The models themselves are becoming commodities and open sourced, so everyone can use them and build on the application layer like Manus.

As the cost of intelligence trends to near-zero, the real opportunity lies in infusing unique insights with deep proprietary data sets whilst combining the best LLMs and tools to make magical applications.

These are the areas where I see a real sustaining advantage.

So yes, Manus is a Claude wrapper.

But so is every other technology company.

Quote to Share

Figure’s introduction of BotQ:

Figure has spent the last 8 months building the BotQ manufacturing process to scale up to 12,000 humanoids per year.

What I love about the company is that they are vertically integrating and in-housing their entire manufacturing process.

They also intend to use their humanoid robots in their manufacturing process to build other humanoid robots—expected to take place this year.

I personally can’t wait to see what’s in store.

Question to Ponder

“What is your go-to AI when you have deep research questions to ask?”

ChatGPT was my constant companion for months—but recently I've found myself gravitating toward Grok more and more.

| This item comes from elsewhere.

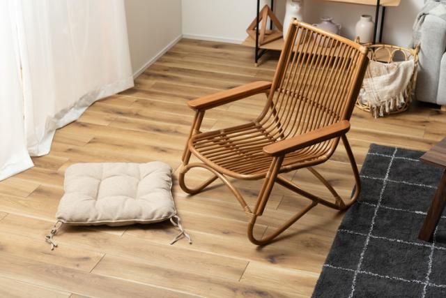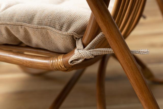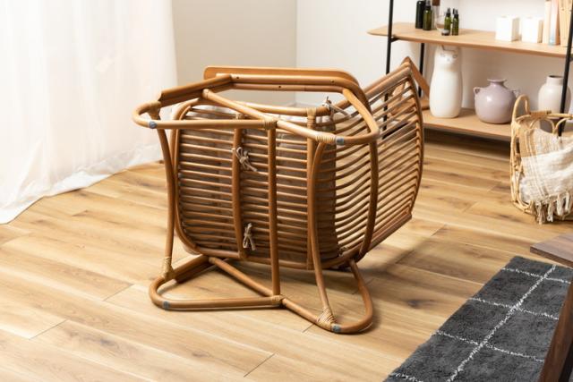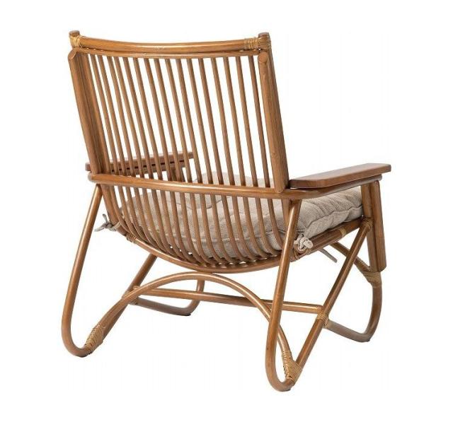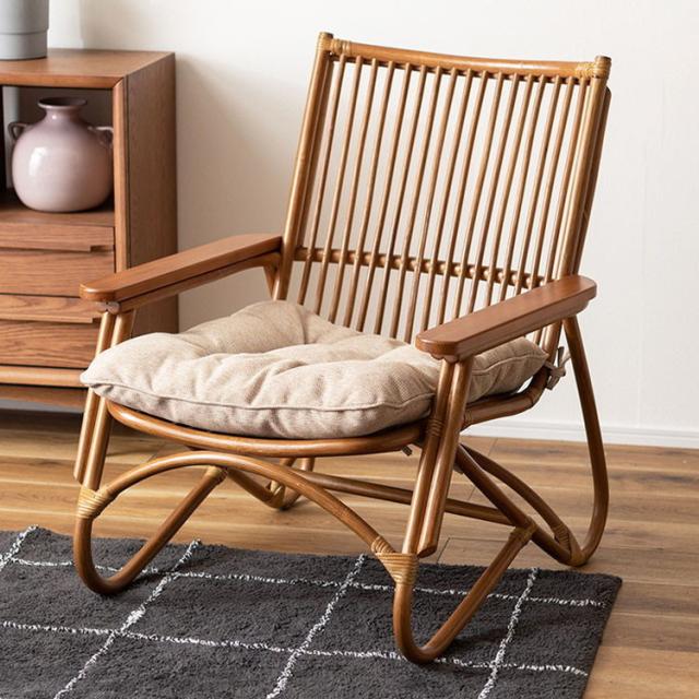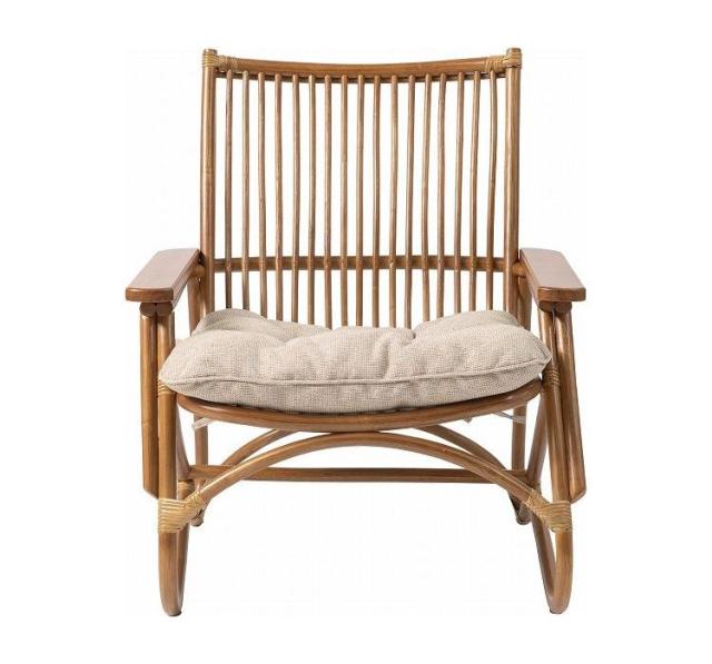 ●脚のカーブが美しい、天然木×ラタンのパーソナルチェア。●ゆったりと座りやすい形状と、印象的なデザインが特徴です。●肘掛けには天然木(チーク)を使用。天然木のぬくもりがしっかりと手に馴染みます。●ラタン(籐)ならではの、しなやかで柔らかい曲線も魅力の一つです。●背もたれには緩いカーブを掛けているので、ゆったりとくつろぐことができます。●ほどよいクッション性のある座面クッションは取り外しが可能です。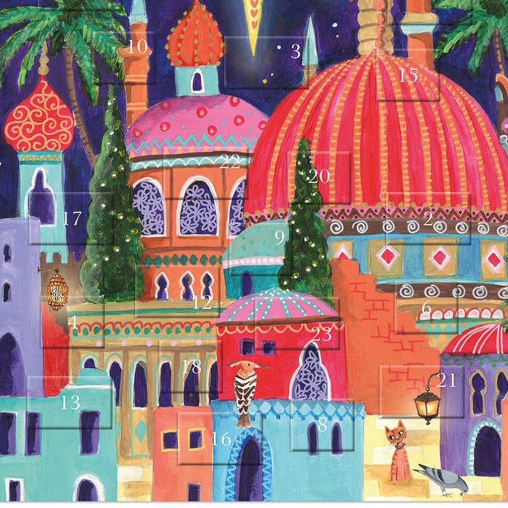 Countdown to Christmas with this traditional advent calendar, revealing 24 windows of festive scenes from a bright and magical city under the Star of Bethlehem

I like to use “DeepSearch” mode for researching answers to questions. Grok combs the web for the best sources to inform its answer. Once I have a robust plan and information, I then engage “Think” mode to reason through the steps to get an answer to my question.

I find the combination of both modes to be really helpful and actually outperform even GPT-4.5 which is costing me $20/mo.

What strikes me most about this shift is how little brand loyalty seems to matter in the AI space. We simply go where the best experience is. If Grok gives better answers faster, that's where we’ll go—regardless of which company built it.